Mason K

Posted on May 19 • Edited on May 29

Why I stopped self-hosting videos and moved to a video API

#api #videotech #learning

Self-hosting made sense when we started.

We didn’t have a massive content library. Just a few product walkthroughs, some onboarding videos, and a couple of marketing clips embedded in the homepage. So I figured why bring in another service when I could control the whole thing myself?

It felt clean. Efficient. “Real engineer” stuff.

I set up the usual stack: S3 buckets for storage, FFmpeg for encoding, CloudFront as the CDN, and some Lambda functions to glue it all together. Simple enough. Plus, it meant:

I could fine-tune the encoding settings and generate only the resolutions we needed.
We avoided adding yet another vendor dependency in the stack.
Costs were minimal just bandwidth and storage.
It worked well enough for an MVP.
Back then, I believed owning the pipeline meant owning the quality.
And to be fair it did work. Until it didn’t.

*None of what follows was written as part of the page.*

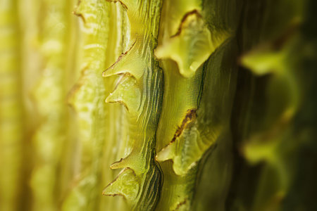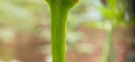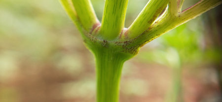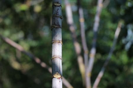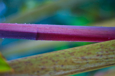 Ricinus communis or Castor plant trunk closeup with showers of sunlight on specific areas
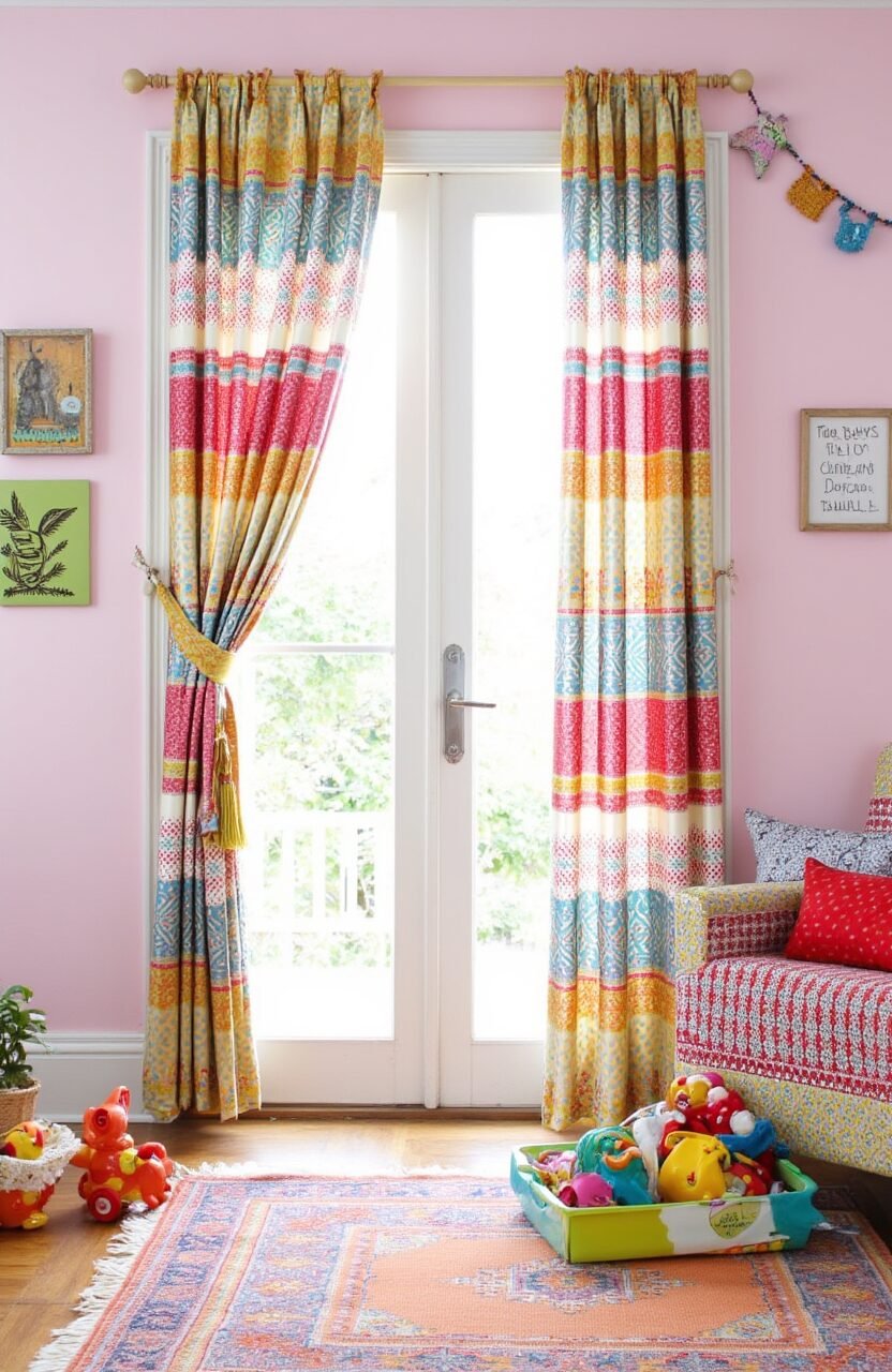 Decorate a nursery with enchanting batik fringe curtains. Their gentle colors and patterns create a soothing environment. Pair with soft toys and pastel bedding.

My stack: How I self-hosted video

Here’s exactly what my self-hosted video setup looked like not aspirational, just what I made work. It grew out of necessity, piece by piece. And like most DIY pipelines, it got messy fast.

Storage & delivery

Every video file was uploaded to an Amazon S3 bucket with versioned keys and private access by default. I used presigned URLs for both upload and playback authorization.
To serve the files, I layered CloudFront on top with two key rules:

Caching HLS .m3u8 playlists and .ts segments aggressively
Using Lambda@Edge to attach short-lived access tokens and apply cache-busting for updated manifests
This gave us basic global delivery, but required constant tuning, especially around signed URLs expiring too early or CDN invalidations missing the edge.

Transcoding

Encoding was entirely manual. We used FFmpeg in two environments:

For small files: run directly inside AWS Lambda (with a custom build)
For anything larger: trigger an SQS job processed by EC2 spot instances

I created the ABR ladder myself using static presets for:

240p at ~400 kbps
480p at ~800 kbps
720p at ~1.5 Mbps
1080p at ~3 Mbps A typical HLS master manifest looked like this:

m3u8

#EXTM3U
#EXT-X-VERSION:3
#EXT-X-STREAM-INF:BANDWIDTH=400000,RESOLUTION=426x240
240p/index.m3u8
#EXT-X-STREAM-INF:BANDWIDTH=800000,RESOLUTION=854x480
480p/index.m3u8
#EXT-X-STREAM-INF:BANDWIDTH=1500000,RESOLUTION=1280x720
720p/index.m3u8
#EXT-X-STREAM-INF:BANDWIDTH=3000000,RESOLUTION=1920x1080
1080p/index.m3u8

Everything from ladder logic to segment duration was hand-tuned in shell scripts. And if I wanted DASH support? That was another FFmpeg pass and even more config.

Embedding & playback

The frontend used hls.js for most browsers. I had a simple feature check for MediaSource support and a fallback to the native HTML5 video element for basic compatibility.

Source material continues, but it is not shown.